Helping to enable children’s rights to citizenship

Numerous children are in precarious life situations despite being born or having lived in the UK for years and being eligible for the secure status of citizenship.

The ESRC-funded project British Citizenship and the Practice of Nationality Laws 2014-17, led by Dr Devyani Prabhat, examined the processes of gaining, holding and losing British citizenship and the role of nationality law practice for long term residents or British citizens.

The research revealed that although the Borders, Citizenship and Immigration Act 2009 includes a duty to have due regard to the welfare of children in all immigration and nationality matters, children’s voices were largely absent in British nationality proceedings and their wellbeing consequently seriously prejudiced.

While many children can become British through a registration process, their legal situation is often complicated. Key reasons for their voices being absent were a lack of awareness about the rights and benefits of acquiring citizenship for children, the prohibitive application fee, and the lack of available resources to fund support for these applications.  

The project’s Report acknowledged that there was a need to change legal practice and culture, rather than the legislative framework. To support this, Prabhat applied for and won ESRC IAA funding to produce and disseminate a Practice Guide, as well as supporting production of a variety of media impact. The project provided easily accessible reference support for legal practitioners, for example in pre-litigation discussions with Home Office officials, and for those who work in this area - social workers, legal advisers, judges and home office officials who work with children.

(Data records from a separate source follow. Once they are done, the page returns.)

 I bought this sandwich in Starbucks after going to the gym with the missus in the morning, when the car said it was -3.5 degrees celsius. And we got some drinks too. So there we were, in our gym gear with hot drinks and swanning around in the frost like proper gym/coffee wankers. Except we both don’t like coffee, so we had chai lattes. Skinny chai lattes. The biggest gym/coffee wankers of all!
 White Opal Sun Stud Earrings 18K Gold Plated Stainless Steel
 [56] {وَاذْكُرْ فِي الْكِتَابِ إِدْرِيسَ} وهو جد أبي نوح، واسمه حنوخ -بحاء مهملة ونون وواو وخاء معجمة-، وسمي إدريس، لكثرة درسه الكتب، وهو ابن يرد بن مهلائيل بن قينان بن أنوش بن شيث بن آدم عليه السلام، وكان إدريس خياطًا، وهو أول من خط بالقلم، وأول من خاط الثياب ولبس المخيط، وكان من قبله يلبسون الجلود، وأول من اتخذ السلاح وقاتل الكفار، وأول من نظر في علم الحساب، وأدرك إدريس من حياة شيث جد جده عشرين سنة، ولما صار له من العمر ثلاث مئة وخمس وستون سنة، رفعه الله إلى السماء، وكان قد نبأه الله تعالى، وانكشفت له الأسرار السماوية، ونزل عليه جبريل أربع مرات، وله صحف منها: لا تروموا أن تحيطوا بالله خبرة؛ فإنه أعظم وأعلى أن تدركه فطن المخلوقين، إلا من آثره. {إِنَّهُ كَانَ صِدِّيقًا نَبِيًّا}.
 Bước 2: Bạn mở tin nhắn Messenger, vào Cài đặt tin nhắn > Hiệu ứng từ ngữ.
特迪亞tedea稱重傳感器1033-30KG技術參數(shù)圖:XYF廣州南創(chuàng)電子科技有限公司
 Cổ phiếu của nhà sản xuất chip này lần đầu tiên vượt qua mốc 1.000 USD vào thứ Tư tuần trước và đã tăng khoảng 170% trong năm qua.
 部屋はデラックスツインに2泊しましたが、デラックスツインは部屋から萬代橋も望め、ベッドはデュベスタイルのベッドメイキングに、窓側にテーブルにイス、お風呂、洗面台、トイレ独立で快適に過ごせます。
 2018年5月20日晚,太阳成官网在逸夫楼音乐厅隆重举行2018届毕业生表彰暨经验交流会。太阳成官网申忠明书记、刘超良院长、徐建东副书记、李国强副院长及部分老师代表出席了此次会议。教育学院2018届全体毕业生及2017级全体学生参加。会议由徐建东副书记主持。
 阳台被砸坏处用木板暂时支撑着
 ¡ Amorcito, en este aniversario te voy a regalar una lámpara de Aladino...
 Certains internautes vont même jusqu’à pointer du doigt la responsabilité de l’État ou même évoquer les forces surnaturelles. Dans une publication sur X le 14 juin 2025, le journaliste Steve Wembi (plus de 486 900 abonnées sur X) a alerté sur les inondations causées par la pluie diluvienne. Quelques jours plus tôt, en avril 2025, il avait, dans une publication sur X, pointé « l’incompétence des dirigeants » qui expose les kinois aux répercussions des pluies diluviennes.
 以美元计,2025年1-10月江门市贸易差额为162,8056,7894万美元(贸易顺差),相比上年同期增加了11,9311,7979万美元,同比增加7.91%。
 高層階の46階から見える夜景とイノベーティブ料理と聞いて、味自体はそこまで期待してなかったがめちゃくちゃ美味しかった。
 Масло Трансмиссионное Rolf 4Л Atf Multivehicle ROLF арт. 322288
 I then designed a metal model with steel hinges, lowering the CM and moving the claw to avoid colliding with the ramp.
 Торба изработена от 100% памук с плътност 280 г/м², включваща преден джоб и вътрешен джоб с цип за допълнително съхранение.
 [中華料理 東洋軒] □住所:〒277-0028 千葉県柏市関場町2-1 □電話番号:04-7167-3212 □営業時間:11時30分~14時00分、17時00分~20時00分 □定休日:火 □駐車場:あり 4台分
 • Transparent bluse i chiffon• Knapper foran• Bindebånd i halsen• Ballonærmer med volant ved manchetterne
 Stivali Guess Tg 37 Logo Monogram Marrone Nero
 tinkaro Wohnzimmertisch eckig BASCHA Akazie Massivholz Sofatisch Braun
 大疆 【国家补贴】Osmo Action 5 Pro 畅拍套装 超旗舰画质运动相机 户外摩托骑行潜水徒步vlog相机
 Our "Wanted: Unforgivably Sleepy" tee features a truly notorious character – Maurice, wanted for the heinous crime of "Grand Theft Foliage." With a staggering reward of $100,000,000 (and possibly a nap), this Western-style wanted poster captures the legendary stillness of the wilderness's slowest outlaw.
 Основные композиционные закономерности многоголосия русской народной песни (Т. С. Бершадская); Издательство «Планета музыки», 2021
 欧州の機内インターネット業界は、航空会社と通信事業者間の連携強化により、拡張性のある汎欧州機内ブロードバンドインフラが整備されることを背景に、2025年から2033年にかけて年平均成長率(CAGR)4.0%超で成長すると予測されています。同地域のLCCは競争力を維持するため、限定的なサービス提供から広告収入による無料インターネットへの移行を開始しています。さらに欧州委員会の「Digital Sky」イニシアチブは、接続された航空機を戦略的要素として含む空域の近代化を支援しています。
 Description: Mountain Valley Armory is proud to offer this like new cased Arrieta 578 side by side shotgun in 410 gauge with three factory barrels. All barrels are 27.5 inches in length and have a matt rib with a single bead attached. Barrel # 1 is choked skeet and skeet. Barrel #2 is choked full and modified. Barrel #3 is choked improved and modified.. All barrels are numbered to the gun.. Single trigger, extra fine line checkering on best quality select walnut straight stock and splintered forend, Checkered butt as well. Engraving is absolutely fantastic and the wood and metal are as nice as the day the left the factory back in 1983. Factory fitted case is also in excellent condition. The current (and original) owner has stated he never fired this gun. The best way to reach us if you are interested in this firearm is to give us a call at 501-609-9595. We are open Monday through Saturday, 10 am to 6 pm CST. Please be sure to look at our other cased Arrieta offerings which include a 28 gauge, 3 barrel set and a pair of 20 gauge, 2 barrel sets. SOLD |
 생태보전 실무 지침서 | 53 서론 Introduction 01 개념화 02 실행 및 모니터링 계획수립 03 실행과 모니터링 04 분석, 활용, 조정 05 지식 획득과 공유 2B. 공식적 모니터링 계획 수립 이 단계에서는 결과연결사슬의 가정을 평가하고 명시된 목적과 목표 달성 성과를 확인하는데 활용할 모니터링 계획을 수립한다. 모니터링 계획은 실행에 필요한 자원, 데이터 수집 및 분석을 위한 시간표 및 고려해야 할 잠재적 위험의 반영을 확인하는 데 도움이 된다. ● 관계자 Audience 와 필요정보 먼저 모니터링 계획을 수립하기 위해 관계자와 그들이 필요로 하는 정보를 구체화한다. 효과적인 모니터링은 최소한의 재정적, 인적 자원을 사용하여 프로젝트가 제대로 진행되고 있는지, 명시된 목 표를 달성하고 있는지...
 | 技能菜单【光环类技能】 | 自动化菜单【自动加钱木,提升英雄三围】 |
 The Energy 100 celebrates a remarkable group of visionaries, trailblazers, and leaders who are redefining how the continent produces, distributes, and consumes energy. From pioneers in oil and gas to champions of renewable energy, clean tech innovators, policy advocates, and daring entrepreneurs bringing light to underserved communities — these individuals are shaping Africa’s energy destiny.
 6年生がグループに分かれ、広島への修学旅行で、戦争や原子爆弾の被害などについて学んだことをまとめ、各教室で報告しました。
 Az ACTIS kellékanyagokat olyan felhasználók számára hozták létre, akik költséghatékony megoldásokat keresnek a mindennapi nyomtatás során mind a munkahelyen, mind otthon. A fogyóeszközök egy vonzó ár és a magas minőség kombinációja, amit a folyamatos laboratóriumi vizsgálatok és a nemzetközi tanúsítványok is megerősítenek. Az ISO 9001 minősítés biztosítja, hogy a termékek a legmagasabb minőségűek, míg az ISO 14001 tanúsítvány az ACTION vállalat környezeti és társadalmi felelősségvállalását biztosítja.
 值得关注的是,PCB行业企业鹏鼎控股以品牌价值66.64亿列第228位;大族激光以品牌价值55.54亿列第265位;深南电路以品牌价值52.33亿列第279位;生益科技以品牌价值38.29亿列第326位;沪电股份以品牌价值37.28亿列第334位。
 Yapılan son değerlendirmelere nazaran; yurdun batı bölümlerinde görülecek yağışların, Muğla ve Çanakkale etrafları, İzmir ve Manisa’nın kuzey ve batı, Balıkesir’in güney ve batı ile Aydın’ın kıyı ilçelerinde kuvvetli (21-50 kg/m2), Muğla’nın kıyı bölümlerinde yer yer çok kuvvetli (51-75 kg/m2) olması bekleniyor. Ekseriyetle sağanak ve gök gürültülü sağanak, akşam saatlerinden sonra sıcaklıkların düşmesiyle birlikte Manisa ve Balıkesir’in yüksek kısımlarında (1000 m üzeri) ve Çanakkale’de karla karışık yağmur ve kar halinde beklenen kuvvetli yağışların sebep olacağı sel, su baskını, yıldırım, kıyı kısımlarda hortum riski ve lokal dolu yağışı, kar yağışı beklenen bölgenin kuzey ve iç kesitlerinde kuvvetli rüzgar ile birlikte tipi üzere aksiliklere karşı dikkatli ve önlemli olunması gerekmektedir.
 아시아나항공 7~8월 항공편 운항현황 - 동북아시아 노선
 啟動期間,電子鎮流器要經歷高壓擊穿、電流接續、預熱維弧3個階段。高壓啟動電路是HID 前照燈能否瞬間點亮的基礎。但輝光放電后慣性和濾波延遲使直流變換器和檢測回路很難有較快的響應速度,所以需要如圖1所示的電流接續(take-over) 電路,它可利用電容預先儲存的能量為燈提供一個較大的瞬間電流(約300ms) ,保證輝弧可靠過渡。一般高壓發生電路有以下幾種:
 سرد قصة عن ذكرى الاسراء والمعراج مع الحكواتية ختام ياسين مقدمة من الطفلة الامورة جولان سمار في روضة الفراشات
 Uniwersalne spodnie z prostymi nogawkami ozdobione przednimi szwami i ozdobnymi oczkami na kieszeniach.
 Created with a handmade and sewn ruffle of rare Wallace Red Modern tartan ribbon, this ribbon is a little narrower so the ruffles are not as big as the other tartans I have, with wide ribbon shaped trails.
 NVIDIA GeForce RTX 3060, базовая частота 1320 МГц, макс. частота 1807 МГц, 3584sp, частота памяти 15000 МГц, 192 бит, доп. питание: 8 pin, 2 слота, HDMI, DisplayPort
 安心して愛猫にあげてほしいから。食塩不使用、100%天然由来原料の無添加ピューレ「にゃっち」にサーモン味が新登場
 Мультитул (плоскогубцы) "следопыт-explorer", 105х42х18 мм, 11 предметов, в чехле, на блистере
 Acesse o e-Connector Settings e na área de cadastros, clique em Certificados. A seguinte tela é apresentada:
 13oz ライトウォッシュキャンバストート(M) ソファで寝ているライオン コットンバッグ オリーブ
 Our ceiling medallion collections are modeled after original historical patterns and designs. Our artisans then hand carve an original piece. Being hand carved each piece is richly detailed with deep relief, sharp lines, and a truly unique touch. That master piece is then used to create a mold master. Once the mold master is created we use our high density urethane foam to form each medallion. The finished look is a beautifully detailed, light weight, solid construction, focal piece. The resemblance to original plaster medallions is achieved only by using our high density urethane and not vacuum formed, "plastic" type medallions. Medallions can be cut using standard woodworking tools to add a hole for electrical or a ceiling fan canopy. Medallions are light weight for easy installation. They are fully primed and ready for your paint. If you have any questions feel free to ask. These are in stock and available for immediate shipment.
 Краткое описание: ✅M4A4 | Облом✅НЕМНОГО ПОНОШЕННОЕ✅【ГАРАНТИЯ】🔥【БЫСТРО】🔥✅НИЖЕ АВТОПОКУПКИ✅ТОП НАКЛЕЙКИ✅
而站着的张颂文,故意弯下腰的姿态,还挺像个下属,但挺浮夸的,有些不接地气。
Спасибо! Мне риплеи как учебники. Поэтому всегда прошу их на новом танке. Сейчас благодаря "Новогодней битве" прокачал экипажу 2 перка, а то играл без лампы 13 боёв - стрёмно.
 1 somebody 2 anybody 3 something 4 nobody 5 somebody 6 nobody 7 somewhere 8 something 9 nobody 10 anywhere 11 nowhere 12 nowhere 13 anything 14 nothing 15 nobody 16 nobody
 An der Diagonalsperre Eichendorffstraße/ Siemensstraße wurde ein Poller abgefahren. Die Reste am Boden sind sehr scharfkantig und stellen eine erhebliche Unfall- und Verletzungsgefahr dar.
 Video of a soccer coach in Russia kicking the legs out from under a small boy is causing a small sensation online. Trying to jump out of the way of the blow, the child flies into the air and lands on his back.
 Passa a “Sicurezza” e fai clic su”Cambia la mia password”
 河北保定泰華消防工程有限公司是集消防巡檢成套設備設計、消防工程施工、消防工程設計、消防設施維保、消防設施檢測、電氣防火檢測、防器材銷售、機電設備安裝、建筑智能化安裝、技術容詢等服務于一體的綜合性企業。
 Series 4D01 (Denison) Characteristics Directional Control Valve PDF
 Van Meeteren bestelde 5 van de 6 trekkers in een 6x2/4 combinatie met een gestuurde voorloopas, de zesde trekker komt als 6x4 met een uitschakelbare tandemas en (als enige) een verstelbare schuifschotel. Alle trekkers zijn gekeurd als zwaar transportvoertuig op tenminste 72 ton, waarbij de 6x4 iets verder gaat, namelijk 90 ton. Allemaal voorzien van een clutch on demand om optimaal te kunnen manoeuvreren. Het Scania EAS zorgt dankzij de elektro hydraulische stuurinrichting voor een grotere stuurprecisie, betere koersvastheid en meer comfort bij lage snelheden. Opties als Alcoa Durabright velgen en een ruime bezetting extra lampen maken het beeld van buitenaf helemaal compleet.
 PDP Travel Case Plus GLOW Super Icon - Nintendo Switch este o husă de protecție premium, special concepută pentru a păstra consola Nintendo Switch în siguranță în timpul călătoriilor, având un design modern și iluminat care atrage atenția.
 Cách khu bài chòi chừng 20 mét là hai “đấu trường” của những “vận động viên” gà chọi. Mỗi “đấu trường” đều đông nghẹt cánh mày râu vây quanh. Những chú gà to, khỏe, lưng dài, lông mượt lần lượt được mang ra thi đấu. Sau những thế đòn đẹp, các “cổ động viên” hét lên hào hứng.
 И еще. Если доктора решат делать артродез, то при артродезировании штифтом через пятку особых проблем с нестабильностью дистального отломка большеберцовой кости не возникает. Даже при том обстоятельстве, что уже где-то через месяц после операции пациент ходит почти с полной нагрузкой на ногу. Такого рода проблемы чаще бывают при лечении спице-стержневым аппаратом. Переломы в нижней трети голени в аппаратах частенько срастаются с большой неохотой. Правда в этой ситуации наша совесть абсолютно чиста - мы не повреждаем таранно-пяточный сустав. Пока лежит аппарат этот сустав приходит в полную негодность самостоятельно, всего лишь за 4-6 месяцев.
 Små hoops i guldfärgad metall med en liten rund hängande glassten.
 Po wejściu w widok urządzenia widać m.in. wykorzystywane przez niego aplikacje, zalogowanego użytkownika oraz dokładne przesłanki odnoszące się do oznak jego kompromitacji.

Prabhat assembled a wide-ranging group of stakeholders for expert input and dissemination support. They included Judith Farbey, a leading QCwho specializes on nationality cases and is now a High Court judge: Domestic Policy and Research UNICEF UK:Just for Kids Law: and Children's Rights Alliance for England(CRAE).

The leading partner was PRCBC, founded and directed by Solange Valdez-Symonds. PRCBC is the first and only organisation to focus directly on children and young adults and their right to British citizenship. They see numerous children in precarious life situations, despite being born or having lived in the UK for years. Many are eligible for the secure status of citizenship, but are unable to find such security, because their situation is not properly assessed in nationality registration decisions. Often their families are not even aware that their children can apply for citizenship. Long term resident children, for example, are simply overlooked in most discussions of children's welfare: there is a presumption that their interests are being taken care of when in fact they are not.

The IAA project team actively pursued routes to raise awareness and to encourage people to use their resources. One approach, for example, was through schools whose teachers have close contact with children who are potentially eligible for citizenship.    The team delivered a new online Citizenship training programme. Co-produced with NGO partners, it is for young people in school and their guardians, as well as supporting others involved in nationality cases. Organisations such as Asylum Aid, for example, actively use it in their training of case workers and social service agents. 

PRCBC offered a valuable conduit for dissemination through their training for lawyers, legal advisers, and social workers. They proactively use and offer the Guide as a reference document in pre-litigation negotiations and in case work and advise their co-professionals to do the same.

The team also actively supported and informed campaigning by Amnesty International Children’s Rights Network and other advocacy organizations, for the Home Office to make child citizenship applications affordable and fair.

As part of this, they jointly published a Research Brief and a Research Report on Children’s citizenship, sharing a collaboratively designed set of evaluative principles which are widely accepted as integral to the exercise of discretion in nationality processes for children.

Civil society bodies and practitioners, including all the stakeholders collaborating with the project team, helped to develop these principles and now highlight them in proceedings, trainings, and in advocacy, training programmes, advocacy campaigns, and case work on children’s rights, sharing them widely beyond their own organisations.

While the IAA project focused on the UK, Dr Prabhat is also working with related projects in USA and other EU countries: there are similar cross-border issues in Sweden, Norway and Russia on nationality proceedings and the best interests of children. She is on the Advisory Board of Bristol City Council’s Separated Migrant Children’s team, working with Citizen’s UK, Unicef and the International Organisation of Migration, IOM. And the British Citizenship and the Practice of Nationality Laws project is to be included as one of ten noteworthy migration projects by the London International Development Centre Migration Leadership Team (LIDC-MLT).